Asset and License Rules

  • Prefer official ModelScope repo IDs over user mirrors when official repos exist.
  • If mirroring from Hugging Face, inspect the model/dataset card and license. If no machine-readable license exists, state the uncertainty and ask before upload.
  • Include source provenance in both YAML front matter and README body.
  • Use associated metadata:
---
license: apache-2.0
repo_type: dataset
tags:
  - modelscope-notebook
source:
  - name: upstream/name
    url: https://...
models:
  - namespace/model-repo
---

ModelScope Code Pattern

Use this pattern and adapt repo IDs:

from pathlib import Path
from modelscope.hub.snapshot_download import dataset_snapshot_download, snapshot_download

ASSET_DIR = Path("./iclr_tutorial_assets")

def _repo_local_dir(kind, repo_id):
    return ASSET_DIR / kind / repo_id.split("/", 1)[1]

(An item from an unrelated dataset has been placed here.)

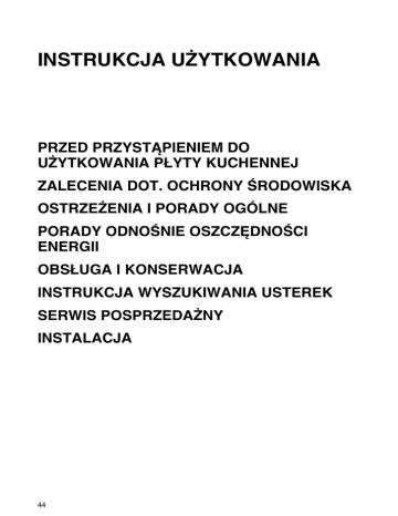 INSTRUKCJA UŻYTKOWANIA PRZED PRZYSTĄPIENIEM DO UŻYTKOWANIA PŁYTY KUCHENNEJ ZALECENIA DOT. OCHRONY ŚRODOWISKA OSTRZEŻENIA I PORADY OGÓLNE PORADY ODNOŚNIE OSZCZĘDNOŚCI ENERGII OBSŁUGA I KONSERWACJA INSTRUKCJA WYSZUKIWANIA USTEREK SERWIS POSPRZEDAŻNY INSTALACJA 44 PRZED PRZYSTĄPIENIEM DO UŻYTKOWANIA PŁYTY KUCHENNEJ Niniejsza instrukcja obowiązuje jedynie w krajach, których symbole umieszczone są na tylnej okładce instrukcji obsługi oraz na urządzeniu. Aby osiągnąć pełną satysfakcję z płyty kuchennej, należy uważnie przeczytać instrukcję i zachować ją na przyszłość. Materiały z opakowania (plastikowe worki, części polistyrenowe itd.) stanowią potencjalne zagrożenie i należy trzymać je poza zasięgiem dzieci. Sprawdzić, czy podczas transportu płyta kuchenna nie uległa uszkodzeniu. Instalacja i podłączenie elektryczne powinny być wykonane przez wykwalifikowanego technika, zgodnie z instrukcjami producenta i lokalnymi przepisami bezpieczeństwa. ZALECENIA DOT. OCHRONY ŚRODOWISKA 1. Opakowanie Materiał z opakowania nadaje się całkowicie do przetworzenia i jest oznaczony symbolem recyklingu , który oznacza, że materiał ten musi być dostarczony do lokalnego zakładu utylizacji odpadów. Piekarnik Niniejsze urządzenie posiada oznaczenia zgodnie z Dyrektywą Europejską 2002/96/WE w sprawie zużytego sprzętu elektrycznego i elektronicznego (WEEE). Zapewniając prawidłowe złomowanie niniejszego urządzenia przyczynią się Państwo do ograniczenia ryzyka wystąpienia negatywnego wpływu produktu na środowisko i zdrowie ludzi. Symbol na urządzeniu lub w dokumentacji do niego dołączonej oznacza, że urządzenia nie należy utylizować jak zwykłych odpadów domowych. Należy oddać je do punktu zajmującego się utylizacją i recyklingiem urządzeń elektrycznych i elektronicznych. Prowadzący zbieranie, w tym lokalne punkty zbiórki, sklepy oraz gminne jednostki, tworzą odpowiedni system umożliwiający oddanie tego sprzętu. W celu uzyskania dodatkowych informacji dotyczących przetwarzania, odzyskiwania oraz recyklingu niniejszego produktu należy skontaktować się z odpowiednimi urzędami, punktami zbiórki odpadów komunalnych lub ze sklepem, w którym produkt został zakupiony. 45 OSTRZEŻENIA I PORADY OGÓLNE Przed czyszczeniem lub konserwacją należy odłączyć płytę kuchenną od zasilania. Urządzenie nie może być obsługiwane przez osoby (włącznie z dziećmi) o ograniczonych zdolnościach psychicznych, sensorycznych lub mentalnych, niedysponujące dostatecznym doświadczeniem lub dostateczną wiedzą, chyba że obsługa urządzenia będzie przebiegać pod nadzorem oraz po odpowiednim poinstruowaniu przez osobę odpowiedzialną za bezpieczeństwo takich osób. Stosowanie urządzeń gazowych powoduje powstanie ciepła oraz wilgotności w pomieszczeniu. Należy sprawdzić, czy pomieszczenie posiada odpowiednią wentylację lub zainstalować okap z przewodem wyciągowym. Przy długotrwałej pracy, konieczna może być dodatkowa wentylacja (otwarcie okna lub zwiększenie mocy wyciągu w okapie). Nie pozwalać dzieciom zbliżać się do urządzenia, gdy jest włączone i zaraz po jego wyłączeniu. Po użyciu, sprawdzić, czy pokrętła są na pozycji (wyłączone), oraz zamknąć główny zawór doprowadzenia gazu lub zawór w butli z gazem. Ostrzeżenie: pokrywa (jeśli dostarczona) może pęknąć, w przypadku przegrzania. Przed jej zamknięciem, należy sprawdzić, czy wszystkie palniki zostały wyłączone. Ostrzeżenie: Ochronne podkładki gumowe na kratkach mogą prowadzić do zadławienia małych dzieci. Po oczyszczeniu kratek, należy sprawdzić, czy gumowe podkładki są prawidłowo zamontowane. Deklaracja zgodności Płyta kuchenna została zaprojektowana, wyprodukowana i wprowadzona na rynek zgodnie z: - wymogami bezpieczeństwa Dyrektywy Gazowej EWG nr 90/396; - wymogami bezpieczeństwa Dyrektywy Niskonapięciowej 2006/95/WE (zastępującej Dyrektywę 73/23/EWG) - warunkami ochrony UE podanymi w dyrektywie “EMC” 89/336; - wymogami dyrektywy EWG 93/68. Płyta kuchenna została zaprojektowana do użytku z produktami spożywczymi i jest zgodna z Rozporządzeniem (WE) 1935/2004. Płyta kuchenna (klasa 3) jest przeznaczona wyłącznie do gotowania. Jakiekolwiek inne użycie (np. ogrzewanie pomieszczeń) jest niewłaściwe i niebezpieczne. PORADY ODNOŚNIE OSZCZĘDNOŚCI ENERGII Płyta kuchenna wyposażona jest w palniki gazowe oraz / lub pola grzewcze o różnych średnicach. Używane czajniki lub garnki powinny mieć średnicę dna równą lub nieco większą niż palnik gazowy lub pole grzewcze. stosować tylko garnki i patelnie o płaskim dnie. Garnki oraz patelnie nie mogą sięgać panelu z pokrętłami. Palnik Średnica naczynia Duży (9,1 cm) Średni (6,4 cm) Mały (4,5 cm) Z potrójną koroną (12 cm) Typ brytfanny (23 cm x 4,5 cm) od 24 do 26 cm 16 do 22 cm od 8 do 14 cm od 24 do 26 cm 16 do 35 cm Jeśli to możliwe, należy przykrywać naczynia. Aby skrócić czas gotowania, warzywa, ziemniaki, itp. należy przygotowywać dodając niewielką ilość wody. Stosując naczynia ciśnieniowe, można zmniejszyć pobór mocy oraz długość gotowania. 46 NIE! OBSŁUGA I KONSERWACJA Czyszczenie powierzchni płyty kuchennej, kratek oraz panelu sterowania Ważne: do czyszczenia płyty nie wolno stosować parowych urządzeń czyszczących. Przed czyszczeniem płyty kuchennej, należy odłączyć zasilanie i odczekać, aż płyta ostygnie. Wytrzeć ją szmatką zamoczoną w gorącej wodzie i mydle lub rozcieńczonym, płynnym detergencie. Nie używać produktów korozyjnych, ściernych, chlorowych lub myjek metalowych. Nie używać parowych urządzeń czyszczących. Nie stosować produktów łatwopalnych. Nie pozostawiać na płycie rozlanych substancji kwaśnych lub alkalicznych, jak np. ocet, sól lub sok cytrynowy itd. Powierzchnia ze stali nierdzewnej Czyścić przy pomocy specjalnych środków. Uwaga: jeśli

def fetch_dataset(repo_id, patterns):
    return Path(dataset_snapshot_download(
        repo_id,
        local_dir=str(_repo_local_dir("datasets", repo_id)),
        allow_patterns=patterns,
        max_workers=4,
    ))

def fetch_model(repo_id, patterns):
    return Path(snapshot_download(
        repo_id=repo_id,
        repo_type="model",
        local_dir=str(_repo_local_dir("models", repo_id)),
        allow_patterns=patterns,
        max_workers=4,
    ))

For large tar archives:

import subprocess
from pathlib import Path

Path("data").mkdir(exist_ok=True)
if not Path("data/dataset").is_dir():
    archive = dataset_asset_dir / "dataset.tar"
    subprocess.run(["tar", "-xf", str(archive), "-C", "data"], check=True)

Common Debug Checks

  • Model file exists but loading fails: print model directory, file list, config keys, package versions, and traceback.
  • State dict shape mismatch: compare model config features with installed package support. Example: v1.1 models may require newer architecture fields such as linear patch embeddings; old packages can instantiate v1 architecture and fail at load time.
  • Notebook cloud hangs on extraction: separate download timing from extraction timing; use tar -xf, not Python extraction, for many-small-file archives.
  • np.concat fails on cloud: use np.concatenate; numpy 1.26 does not provide np.concat.
  • Parser errors before training: inspect YAML/class paths and package enum/API compatibility; these are not GPU problems.
  • ModelScope cache lock or proxy failures: set writable cache dirs when possible, or fall back to CLI-populated cache only as a local diagnostic path.

User Guidance

When asking the user for missing information, keep it short and remind them of the pipeline:

  • "I will map the notebook assets, check license, mirror/upload missing files to ModelScope if allowed, adapt downloads, run smoke/full execution, and update the report. Please provide the notebook URL/path and target ModelScope namespace."
  • If upload is needed: ask for ModelScope token and upstream access token only when required; tell the user the tokens will be used via environment variables and not written into repo files.

References

For a concise checklist and command snippets, see references/checklist.md.